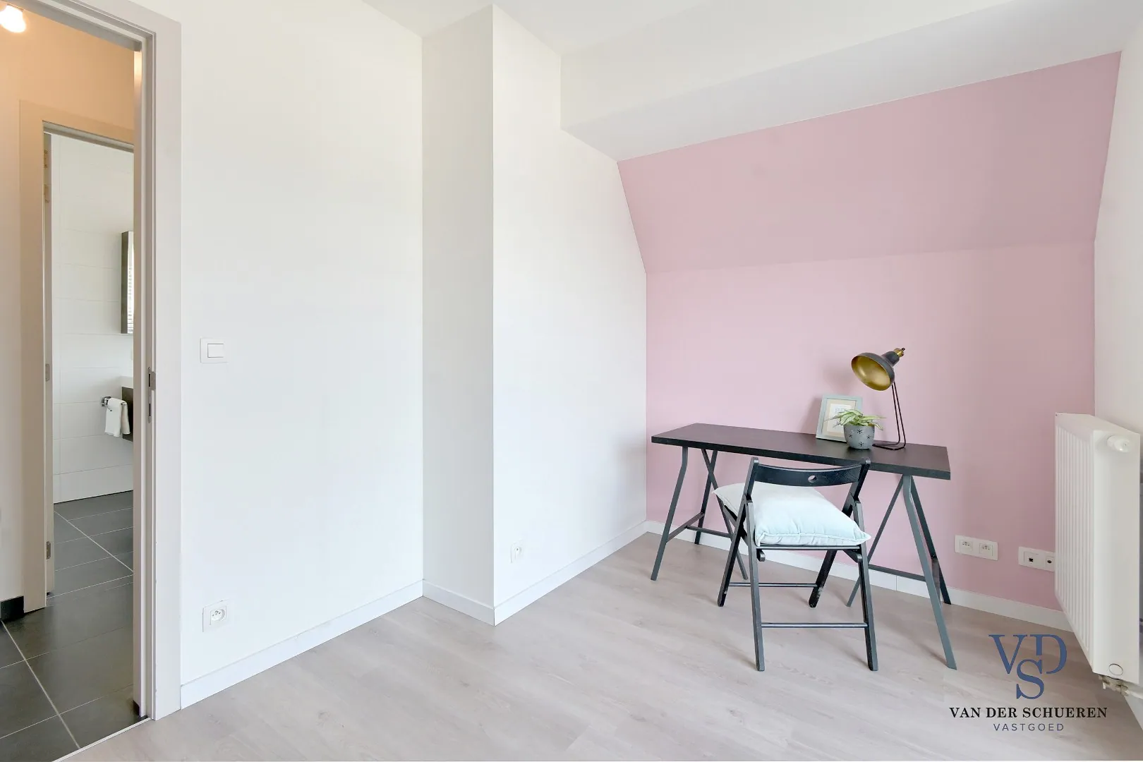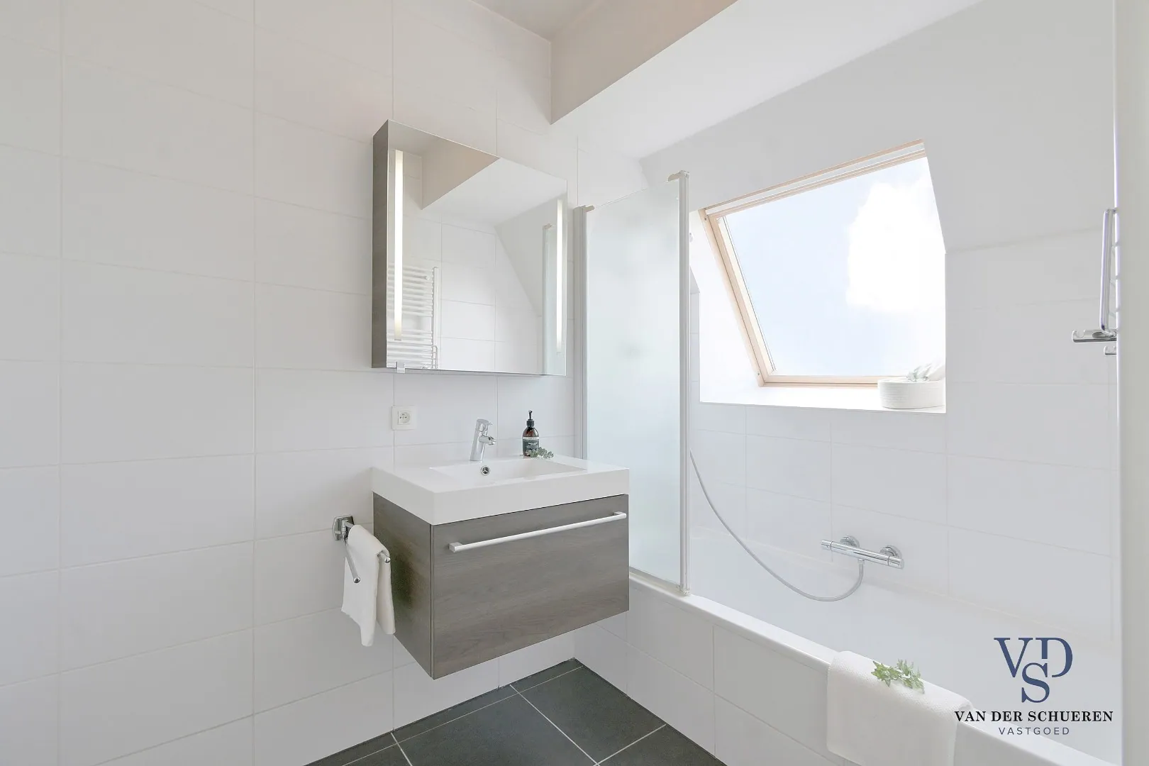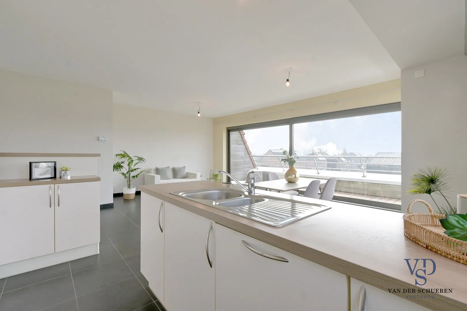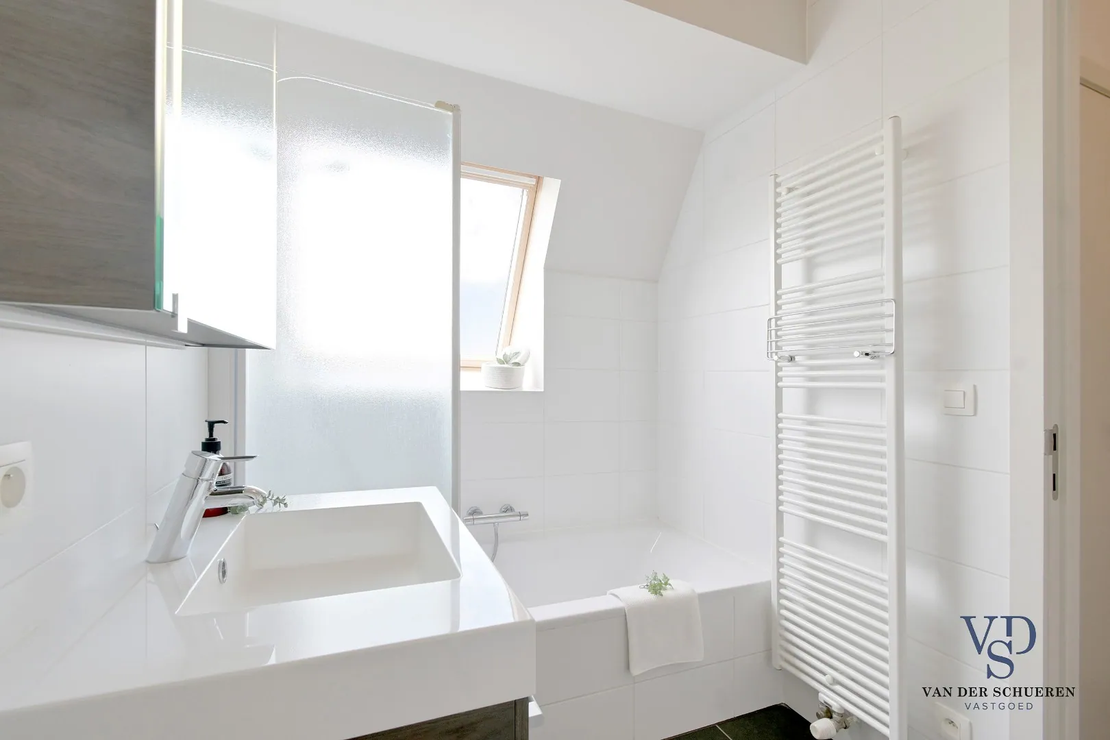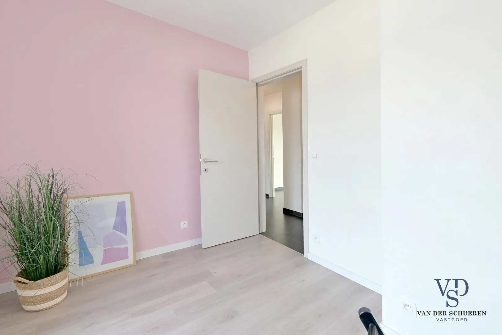Ruime leefruimte met open keuken. 2 slaapkamers. Praktische badkamer, afzonderlijk gastentoilet en aparte hoek voor de wasmachine en droogkast.
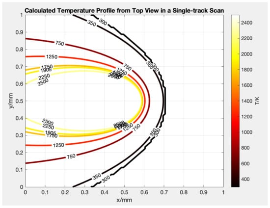 The first step is to establish the thermal profile, which serves as the foundation for the process. The input of the model, which includes the material properties of Ti-6Al-4V, the processing parameters, and the geometry of the part, is detailed and presented in Table 1. The prior work has validated the thermal model [24], texture model [25], and grain size model [26]. The thermal history was validated against the experimental results of the molten pool size under the assumption of steady-state.
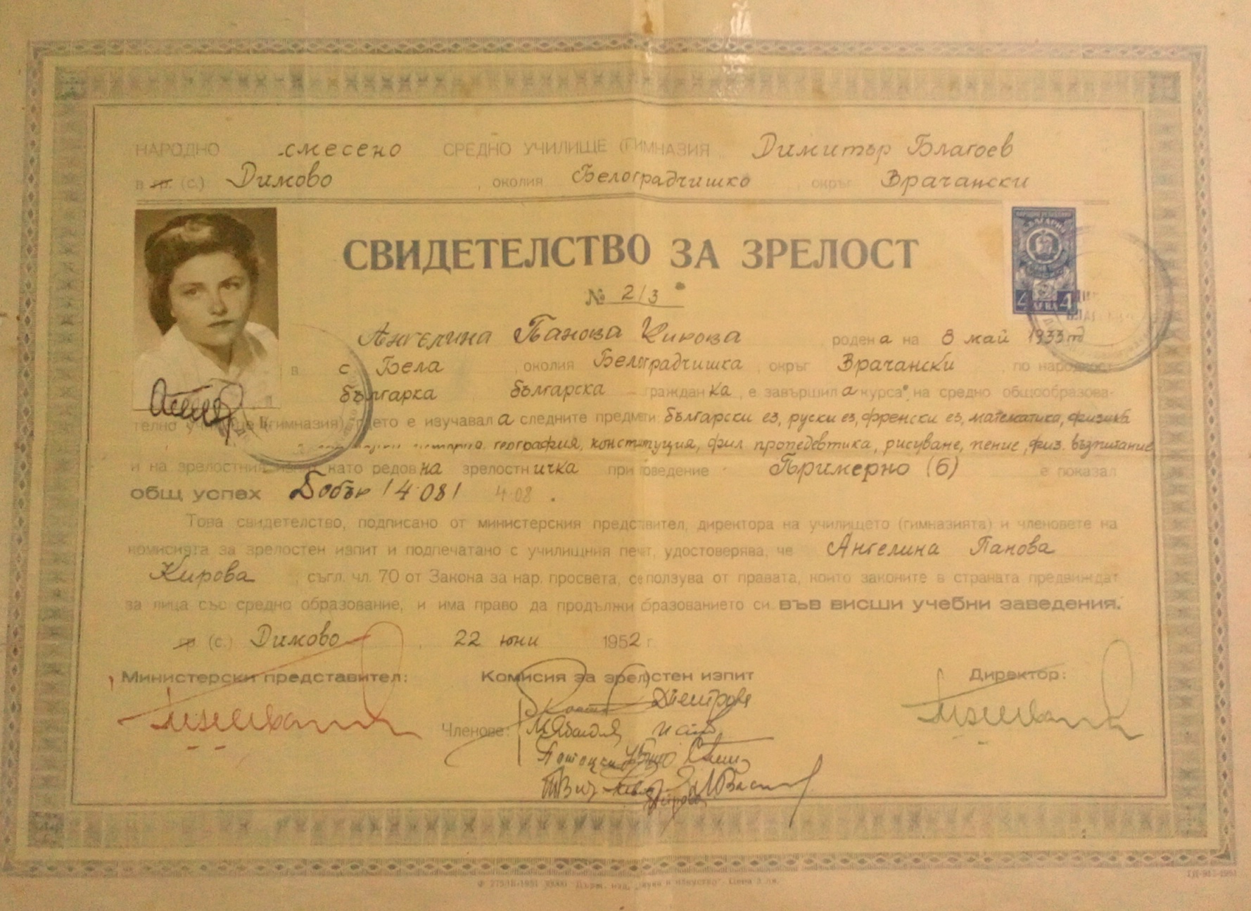 Учителка е в село Бела до 20 Август 1962 година, когато със зап.N2883 се премества в с.Димово.
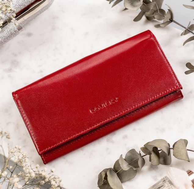 Piros színű, nagy méretű, női bőr pénztárca. Brifkó fazonú, így kényelmesen elérhetőek a papírpénzek, amelyeket kifektetve könnyedén el lehet helyezni. Belsejében keretes aprótartó található.
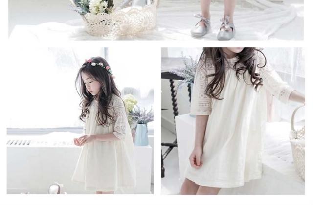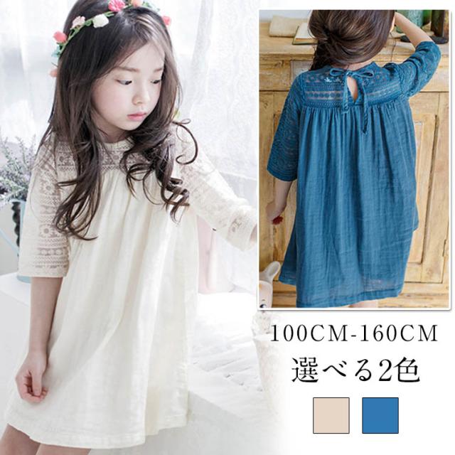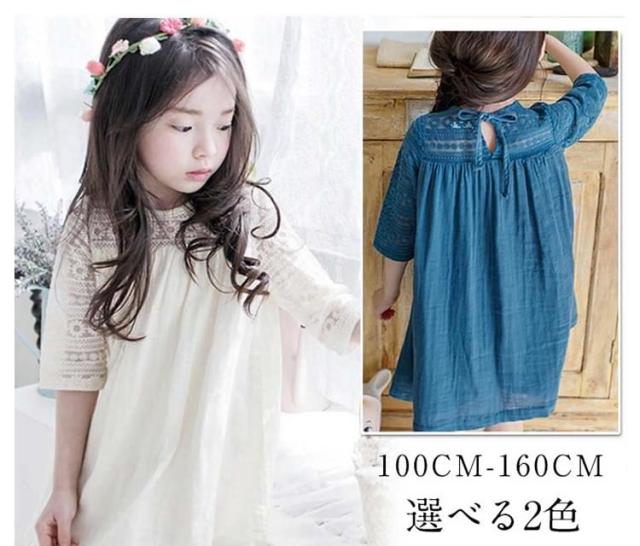 送料無料チュニックワンピース 5分袖 クルーネック ゆったり レース切替 透かし感 子供服 ワンピース 無地 シンプル ホワイト キレイ目
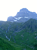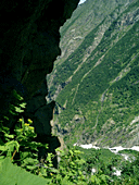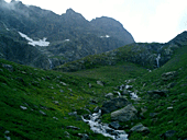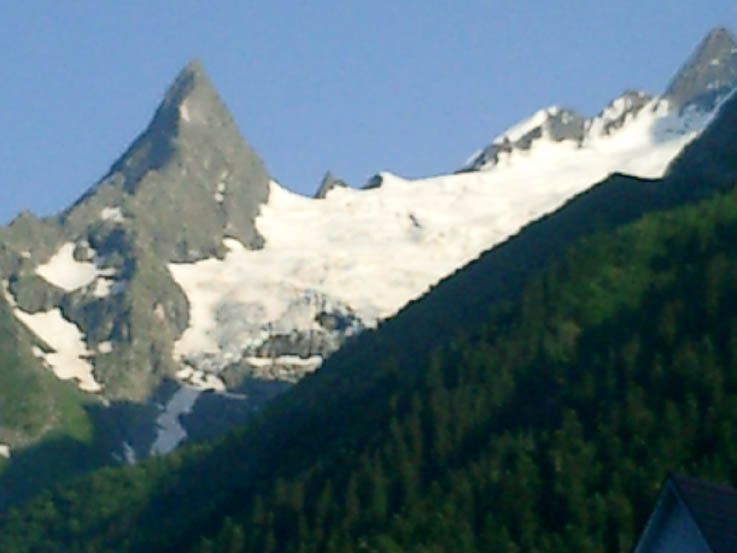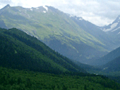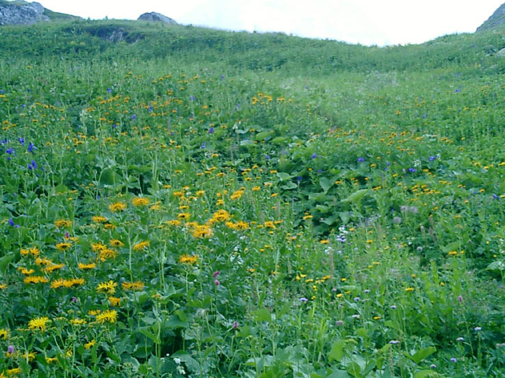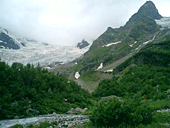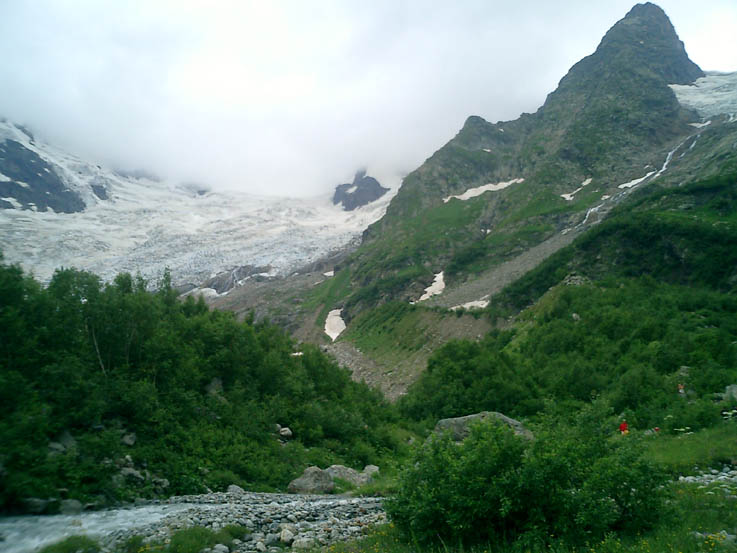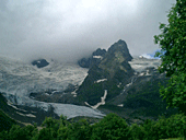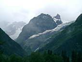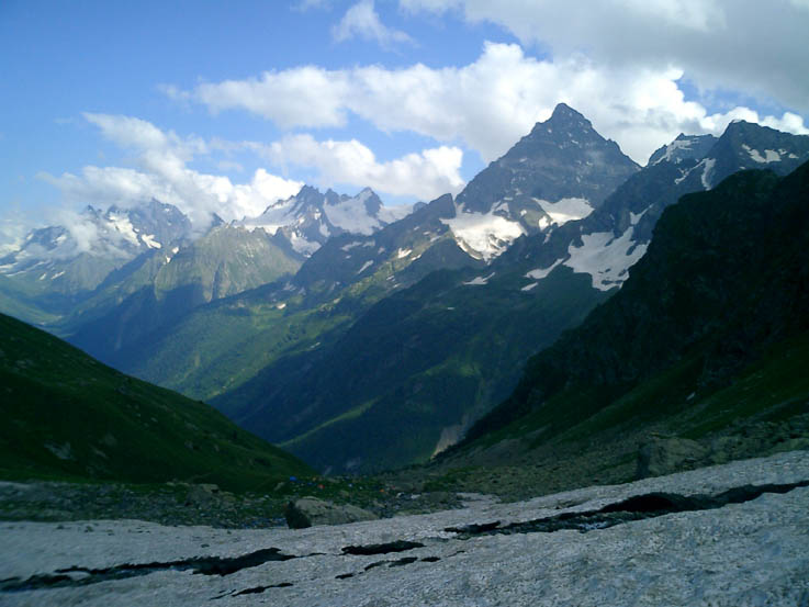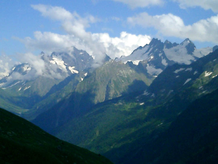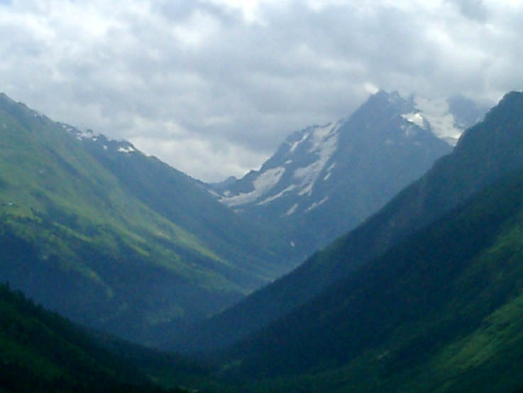 Пошли. Потихоньку-полегоньку…Опа…- немного кружится голова с непривычки, да и бежать что-то уже никуда не хочется… Не представляю как мне могла придти в голову идея отправить девчонок на машине, а самим идти пешком с рюкзаками, видимо был болен. Пыхтя и потея, хотя по высоте от Домбая до Алибека набрали метров 300-400, мы продвигаемся по тропе. Переодически закладывает уши, но в целом я чувствую себя вполне нормально и даже успеваю сделать несколько снимков окружающих красот. Справедливости ради надо отметить, что в конце Сбора этот переход Алибек-Турье, казался нам просто детской разминкой, подъем с рюкзаками занимал у нас минут 30, а спустились мы как-то вообще минут за 15-20.

---

Reproduce the records exactly, images excluded.

Final answer:
Ruime leefruimte met open keuken. 2 slaapkamers. Praktische badkamer, afzonderlijk gastentoilet en aparte hoek voor de wasmachine en droogkast.
 The first step is to establish the thermal profile, which serves as the foundation for the process. The input of the model, which includes the material properties of Ti-6Al-4V, the processing parameters, and the geometry of the part, is detailed and presented in Table 1. The prior work has validated the thermal model [24], texture model [25], and grain size model [26]. The thermal history was validated against the experimental results of the molten pool size under the assumption of steady-state.
 Учителка е в село Бела до 20 Август 1962 година, когато със зап.N2883 се премества в с.Димово.
 Piros színű, nagy méretű, női bőr pénztárca. Brifkó fazonú, így kényelmesen elérhetőek a papírpénzek, amelyeket kifektetve könnyedén el lehet helyezni. Belsejében keretes aprótartó található.
 送料無料チュニックワンピース 5分袖 クルーネック ゆったり レース切替 透かし感 子供服 ワンピース 無地 シンプル ホワイト キレイ目
 Пошли. Потихоньку-полегоньку…Опа…- немного кружится голова с непривычки, да и бежать что-то уже никуда не хочется… Не представляю как мне могла придти в голову идея отправить девчонок на машине, а самим идти пешком с рюкзаками, видимо был болен. Пыхтя и потея, хотя по высоте от Домбая до Алибека набрали метров 300-400, мы продвигаемся по тропе. Переодически закладывает уши, но в целом я чувствую себя вполне нормально и даже успеваю сделать несколько снимков окружающих красот. Справедливости ради надо отметить, что в конце Сбора этот переход Алибек-Турье, казался нам просто детской разминкой, подъем с рюкзаками занимал у нас минут 30, а спустились мы как-то вообще минут за 15-20.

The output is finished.